[Records shown Boundary: Start]
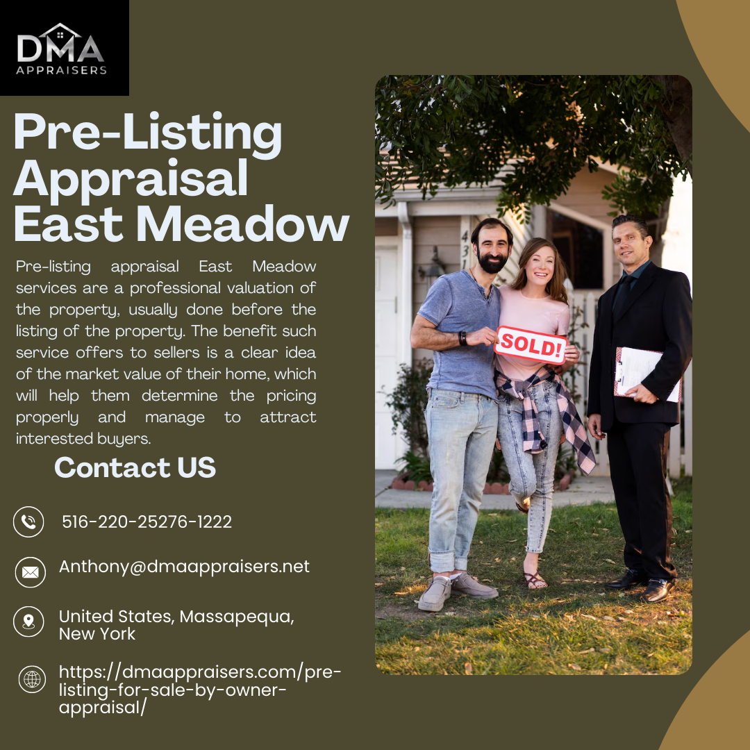 Massapequa Park, New York Jan 9, 2025 (Issuewire.com) - It's no secret that the fight for the right buyer has upped the ante in today's ever-harder real estate marketplace. Whether you are a homeowner getting ready to sell your property or are looking for ways to maximize your client's listing potential, DMA Appraisal will stand out as the trusted partner for comprehensive pre-listing appraisal Merrick or pre-listing appraisal East Meadow services by which reputations are built, excellence is professional and precision is expected.
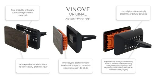 VINOVE jest nową marką perfum samochodowych, stworzonych przez polskich pasjonatów we współpracy z francuskimi mistrzami sztuki perfumeryjnej i włoskimi projektantami oraz naukowcami. VINOVE to ekskluzywne perfumy samochodowe. Do produkcji perfum samochodowych VINOVE zastosowano technologię XXI wieku. Wykorzystano wiedzę, otwartość i doświadczenie zespołu naukowców i wspólnie z nimi skondensowano zapachy w nowatorskim polimerze. Ich kształt jest tak skonstruowany, by powietrze z wywietrzników samochodowych delikatnie opływało polimerowy labirynt, uwalniając zapach subtelnie i długotrwale – aż do 90 dni. Projektując nośnik zapachu wzięto pod uwagę przede wszystkim jego walory użytkowe: długotrwałość uwalniania zapachu, bezpieczeństwo dla tapicerki i kokpitu samochodu, a także ekskluzywny wygląd, współgrający ze stylistyką nowoczesnych aut.
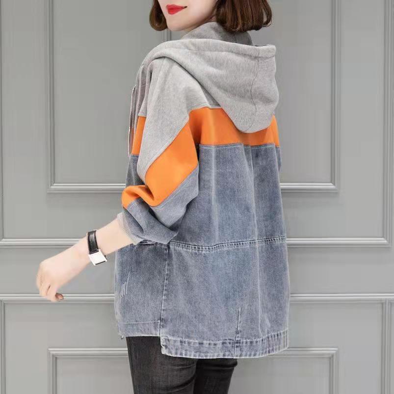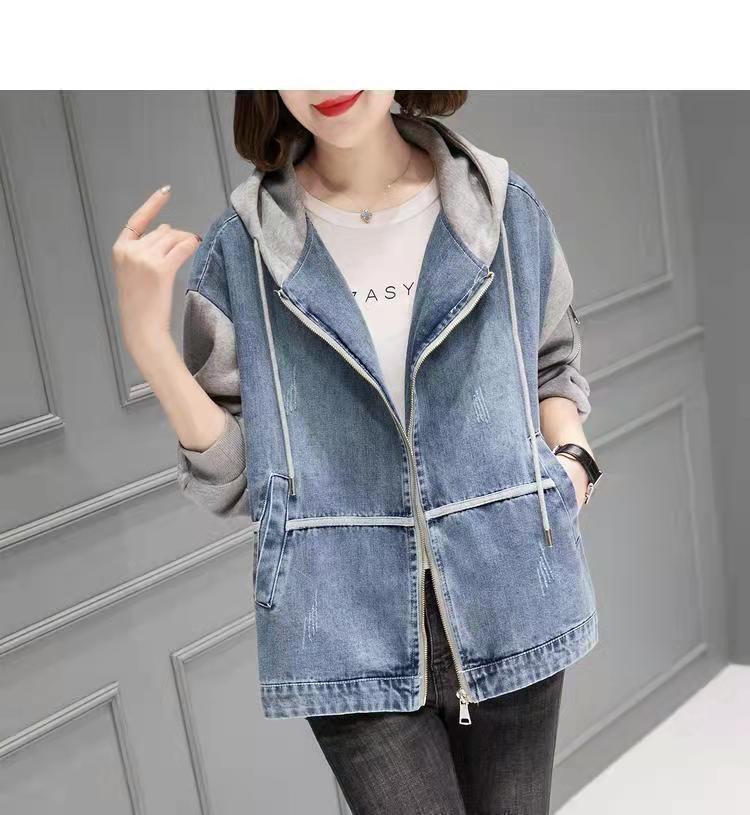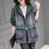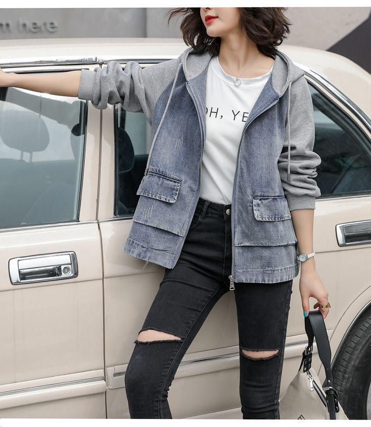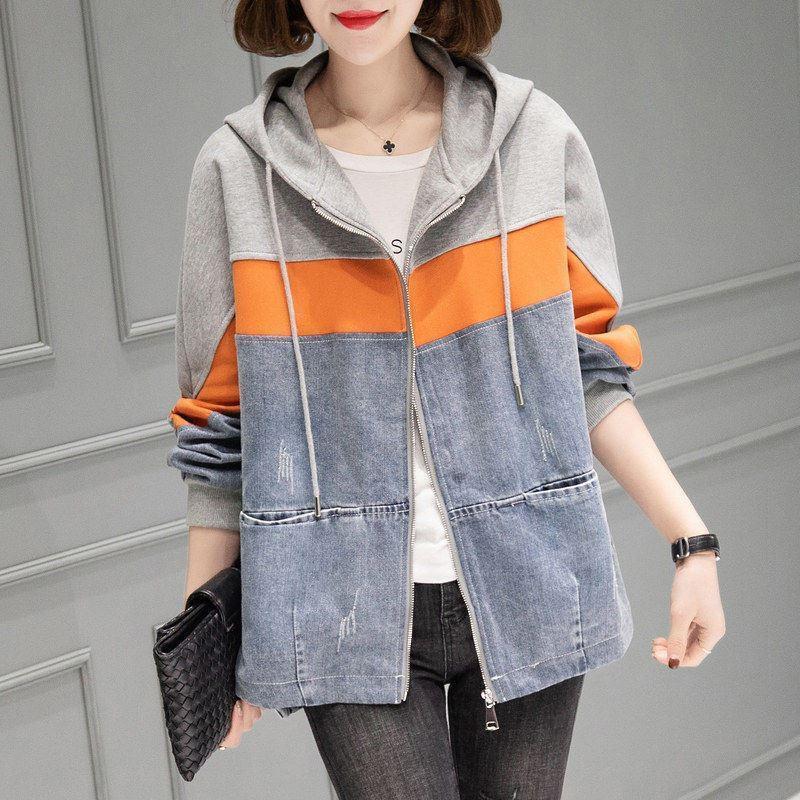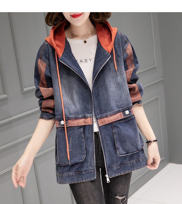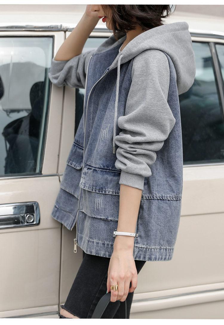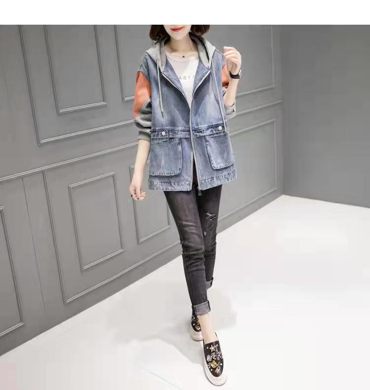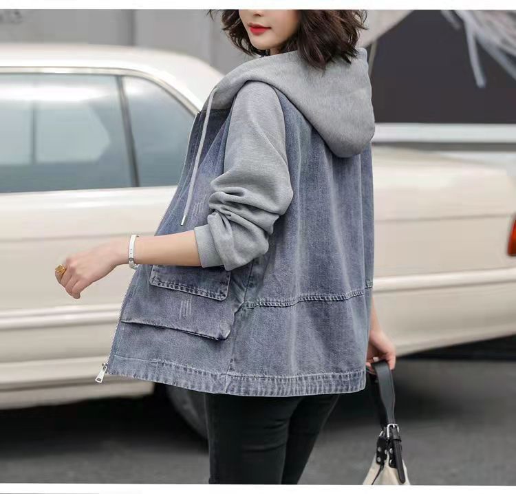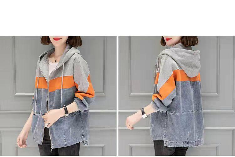Exportación Comercio Exterior Chaqueta de Mezclilla con Capucha y Costuras Verdes para Mujer Primavera y Otoño 2021 Nuevo Top Corto Casual Otoño
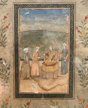 Indian antique miniature painting of two noblemen visiting a young Maharaja on an outdoor terrace. The young man sits on a throne and is fanned by an attendant. His tall crown with white feather finial denotes his royal status. The scene is edged with delicate scrolling vines in gold on black which is beautifully repeated on the wooden frame. The area between is decorated with colorful sprays of blossoming flowers. Painted in gouache and gold on paper.
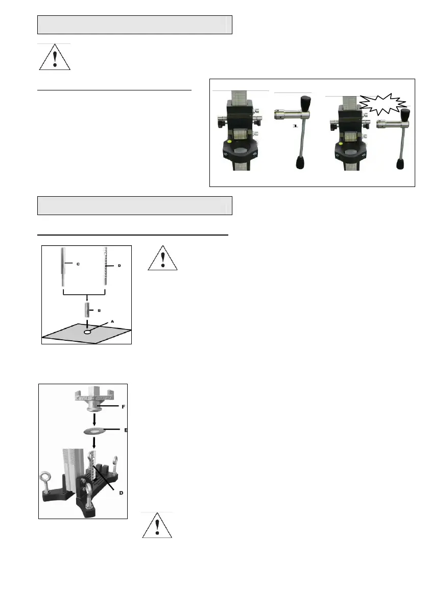 Vóór en na het vastdraaien van de moer (F),
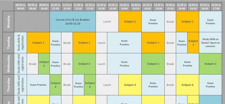 复习时间表基本等同于一个日历,但标记的不是节日、生日,而是每天你需要复习的topic和subject。
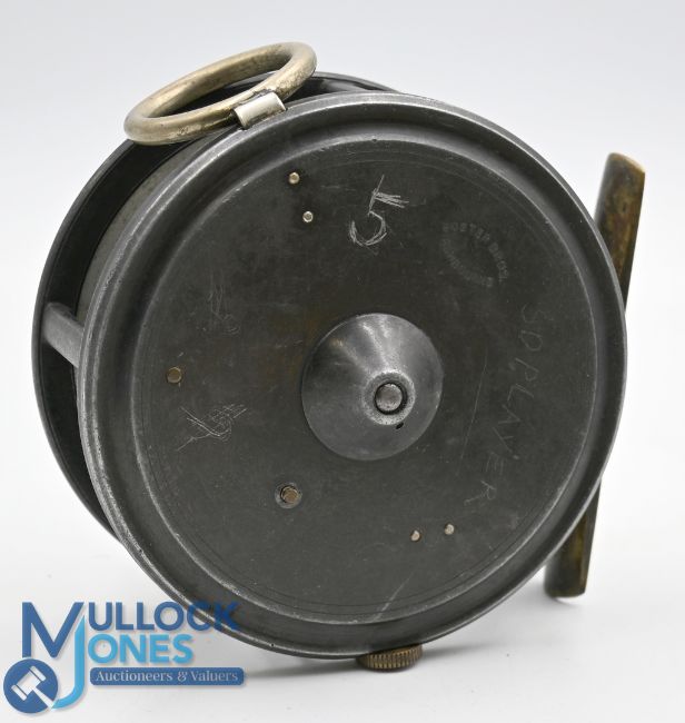 Fosters of Ashbourne by Dingley, 4" Scarsdale alloy salmon fly reel, nickel O ring line guide, smooth brass foot, rim tension regulator, internally stamped 5, good original finish
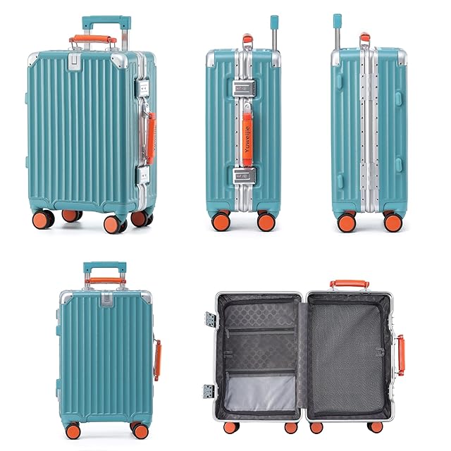 [Yuweijie] 新感覚!モダン!スーツケース キャリーケース 機内持ち込み 大型 軽量アルミフレーム式 キャリーバッグ 静音 ダブルキャスター TSAロック レトロ おしゃれなハンドル 疲れない設計 入学 海外旅行出張 Sサイズ ブルー 1-3泊 40L
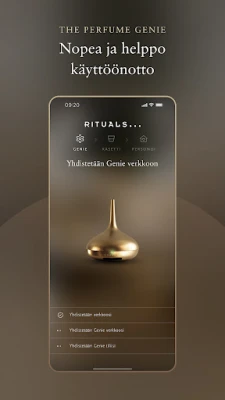 Perfume Genie vie tuoksunautinnon uudelle tasolle älykkäiden aikataulujen avulla, joiden ansiosta voit suunnitella tuoksurytmisi tarkasti omaan elämäntapaasi sopivaksi. Ei enää hukkaan meneviä suihkauksia – jokainen aromipilvi on tarkoituksellinen ja ajoitettu täydellisesti, esimerkiksi toivottamaan sinut lämpimästi tervetulleeksi kotiin. Voit vaivattomasti säätää tuoksun voimakkuutta mielialasi ja tilan mukaan, hallita laitteen LED-valoa, tarkistaa verkkoyhteyden tilan ja päivittää laiteohjelmiston suoraan sovelluksesta. Parannettu käyttöönotto visuaalisine opastuksineen ja personointivaiheineen varmistaa, että Perfume Genie on alusta alkaen todella sinun. Hallitse useampia Geniejä samasta sovelluksesta ja sukella 14 ylellisen Rituals-tuoksun valikoimaan, joista jokainen tarjoaa jopa 270 tuntia hienostunutta aromia.
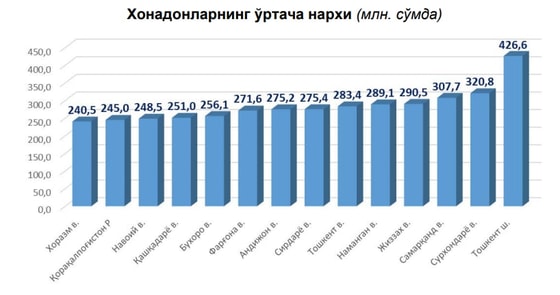 Самая высокая средняя стоимость квартир зафиксирована в Ташкенте — 426,6 млн сумов. После столицы идут Сурхандарьинская (320,8 млн сумов) и Самаркандская области (307,7 млн сумов). Самая низкая цена зафиксирована в Хорезмской области (240,5 млн сумов).
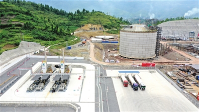 与此同时,为了回收利用页岩气,在正安县安场镇官井村,一个LNG储配库项目正在全力实施,该储配库相当于一个框架式结构的加液站,具有工艺流程简单、便于运输等特点。目前储配库项目的一期工程预计2021年10月底建成,届时将形成2800万立方米的储气能力。图为正在建设中的LNG储配库。
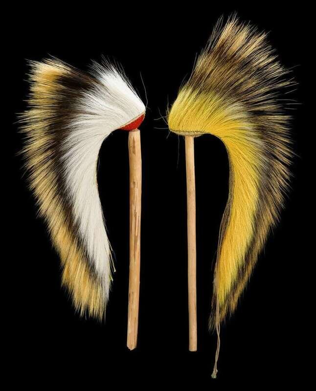 One with red yarn base, the other with hair base, each has storage stick; together with a bone roach center piece.
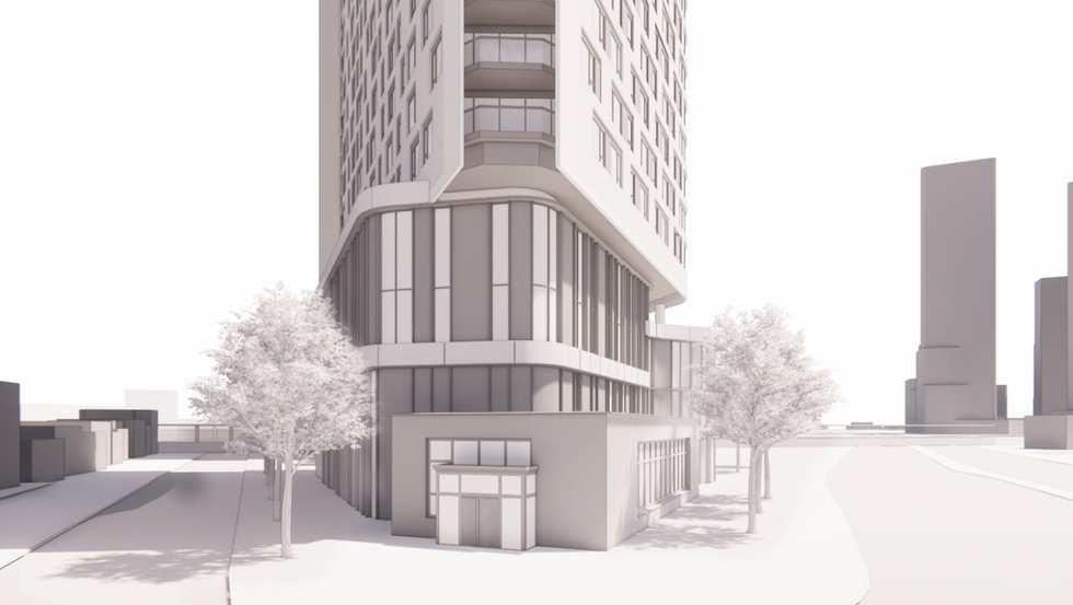The plans come from a numbered company (2629964 Ontario Inc.), and a representative from Republic Developments tells STOREYS that they are entitling the development "for now." The proposal calls for a height of around 482 feet along with 354,380 sq. feet of gross floor area (GFA), and of the total GFA, 3,390 sq. ft of commercial space is planned in the base of the building. The remainder — around 350,990 sq. ft — is set to be dedicated to the 512 residential units planned.
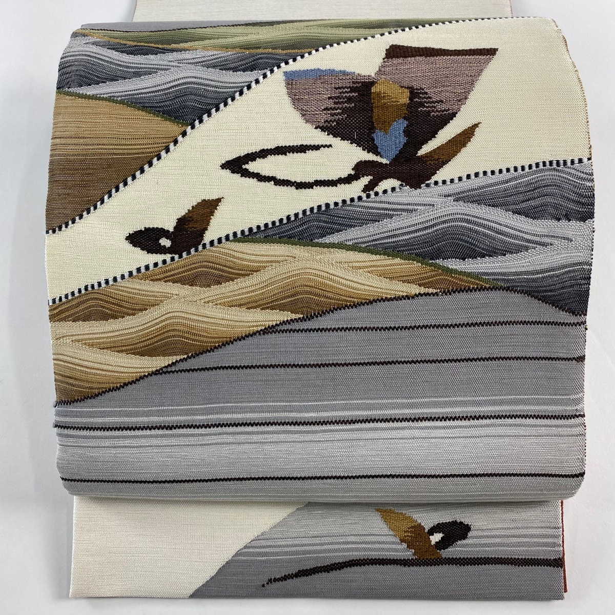 | 袋帯 美品 秀品 紬地 幾何学模様 クリーム お太鼓柄 正絹 【中古】 |
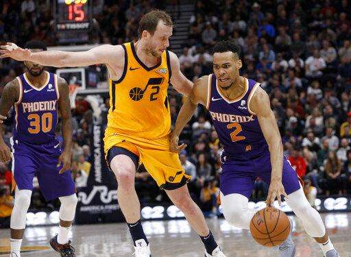 Phoenix Suns' Elie Okobo (2), right, drives to the basket as Utah Jazz's Joe Ingles (2) defends in the first half of an NBA basketball game on Wednesday, Feb. 6, 2019, in Salt Lake City. (AP Photo/Kim Raff) The Associated Press
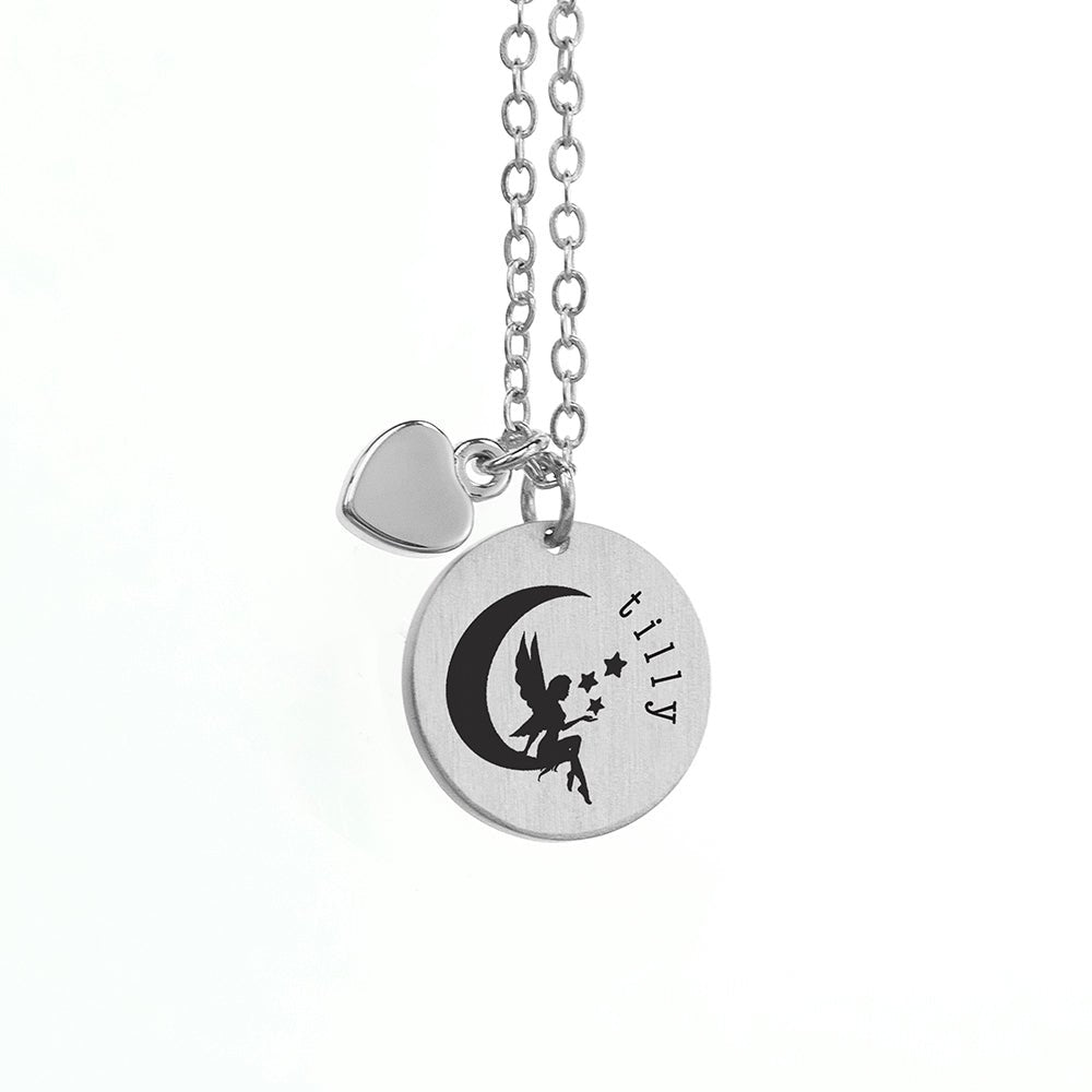 Personalised Fairy Matte Heart & Disc Necklace
[Records shown Boundary: End]
Give back, exactly as written, the lines from the top of the material through the line with "Exportación Comercio Exterior", ends included and pictures left aside.

 Massapequa Park, New York Jan 9, 2025 (Issuewire.com) - It's no secret that the fight for the right buyer has upped the ante in today's ever-harder real estate marketplace. Whether you are a homeowner getting ready to sell your property or are looking for ways to maximize your client's listing potential, DMA Appraisal will stand out as the trusted partner for comprehensive pre-listing appraisal Merrick or pre-listing appraisal East Meadow services by which reputations are built, excellence is professional and precision is expected.
 VINOVE jest nową marką perfum samochodowych, stworzonych przez polskich pasjonatów we współpracy z francuskimi mistrzami sztuki perfumeryjnej i włoskimi projektantami oraz naukowcami. VINOVE to ekskluzywne perfumy samochodowe. Do produkcji perfum samochodowych VINOVE zastosowano technologię XXI wieku. Wykorzystano wiedzę, otwartość i doświadczenie zespołu naukowców i wspólnie z nimi skondensowano zapachy w nowatorskim polimerze. Ich kształt jest tak skonstruowany, by powietrze z wywietrzników samochodowych delikatnie opływało polimerowy labirynt, uwalniając zapach subtelnie i długotrwale – aż do 90 dni. Projektując nośnik zapachu wzięto pod uwagę przede wszystkim jego walory użytkowe: długotrwałość uwalniania zapachu, bezpieczeństwo dla tapicerki i kokpitu samochodu, a także ekskluzywny wygląd, współgrający ze stylistyką nowoczesnych aut.
Exportación Comercio Exterior Chaqueta de Mezclilla con Capucha y Costuras Verdes para Mujer Primavera y Otoño 2021 Nuevo Top Corto Casual Otoño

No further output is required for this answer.